This post is coming out later than I had hoped. It was delayed by my trip to Maine to visit my son and his family. It was a difficult trip from before I even left the house with my car breaking down, scrambling to rent a car at the last minute on the day before Easter and a long drive which had me arrive many hours later than I'd planned. Then the trip itself was stressful for a variety of reasons. Never forget that no matter how old your children are, they are always your children. Even adults need some guidance or a helping hand now and then. The trick is knowing how much to help and when to say no, which is not an easy thing to do.
I had a lot of time to think about my kids and about my relationship with their father on my drive home. It made me realize that I forgot to include a very important component in the last post about maintaining your sense of self. It's important to pay attention to your partner. You decided to have children because you love each other. Many couples get so involved in raising their children, they forget to continue being in love. When I talk about being in love, I'm not talking about that all consuming passion that happens in the beginning. I'm talking about the slow growing comfort and dependence on each other, though the passion is important, too. Your partner should be your best friend. If they're not, something is wrong.
My husband and I had our daughter less than two years after getting together. We were young, adventurous and carefree, traveling around the country, playing music along the way with big hopes and dreams. When we discovered I was pregnant, we happily traded that carefree life for a more settled one, though settled had a different definition for us than for most people. We decided that I would be a stay-at-home mom, and I loved doing that. It had it's disadvantages too, though. I was living in Santa Cruz, California and had very little community, having moved there from Connecticut. I was still very shy and became stir-crazy very quickly. I didn't know about mom's groups or story hours at local libraries, so I immersed myself in being the best mother and housekeeper I could be but did it all alone. That was my first mistake.

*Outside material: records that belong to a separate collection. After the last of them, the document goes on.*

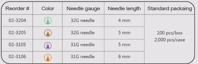 Contoured hub for Reliable Depth Control; Ultra-strong Design to resist bending or breaking; Ergonomic design helping diabetes use PNs more easily.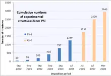 Bar chart showing growth over time of protein structures deposited by the Protein Structure Initiative into the Protein Data Bank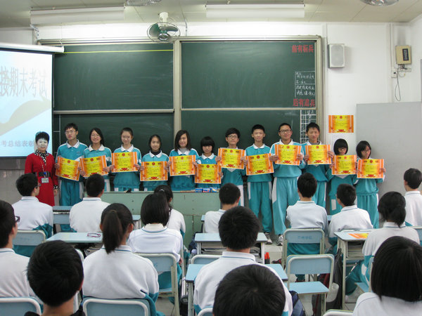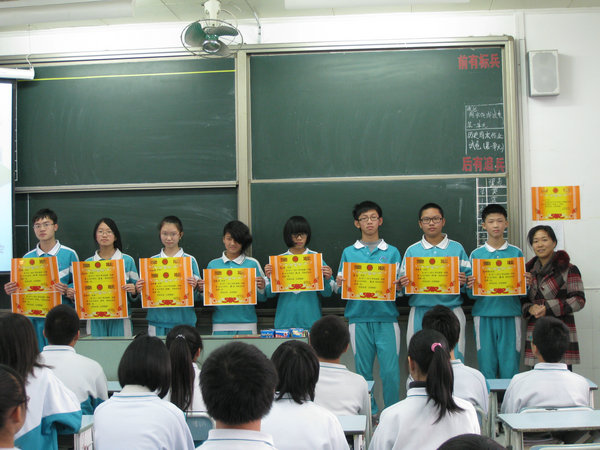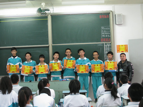 在热烈的掌声中,夺得总分前十二名的同学、夺得单科第一名的同学和进步大的同学分别上台领奖,和颁奖老师合影留念。

I spent all of my days with my baby girl, taking her for walks, singing and reading to her and propping her up on the kitchen table while I baked bread or cooked other yummy things. Her dad worked a full-time job as a cook. It was very stressful, and he didn't love his job. When he came home, he wanted to relax in peace and quiet. I'd had no adult conversation all day and almost lunged at him verbally. Of course, he hated this. I also wanted a break from entertaining a baby and expected him to rush over and scoop our daughter up. You can easily see, this was a recipe for disaster. Over time, I learned to let him debrief first, but those early days were difficult.
We became so overwhelmed with just trying to survive financially and otherwise, we forgot about each other. We still played music and wrote songs together, but it became more of a job. We'd lost sight of the things we loved, including each other. We never went out together unless our children came with us, though most of that was due to economics and lack of support. What we didn't realize is that we didn't have to go out on dates to acknowledge our love. We forgot to have meaningful conversations. We talked about problems, money, the kids, but never talked about life, politics or other non-family oriented topics. We kept moving further and further away from each other emotionally and eventually ... physically. We soon became angry, not really at each other, just at our situations, and took it out on each other.
If I could do it all over, I would make time for the man I loved. I would be physically close to him noticing that I was tired but also noticing the love we shared. I would remember to have conversations that didn't involve my complaining about the woes of the day. But, I would also make time to listen to his woes and ask him to listen to mine, too. I would find other parents with whom we could trade babysitting and ask him to go for walks with me, remembering that it isn't necessary to spend money to enjoy each other's company. I would remember to praise his efforts whether or not I thought they were enough and find ways to encourage change that didn't involve criticism. It's easy to look back and see all the things that I would change, and I have changed many of those with subsequent partners, but that's why I'm writing this post, so that you don't have to look back later with the same regrets. It's not easy. Our relationships are always hard work whether they are friendships or love affairs, but they are worth every effort. Our love can easily stagnate when we throw children into the mix. I hope you don't let that happen to you.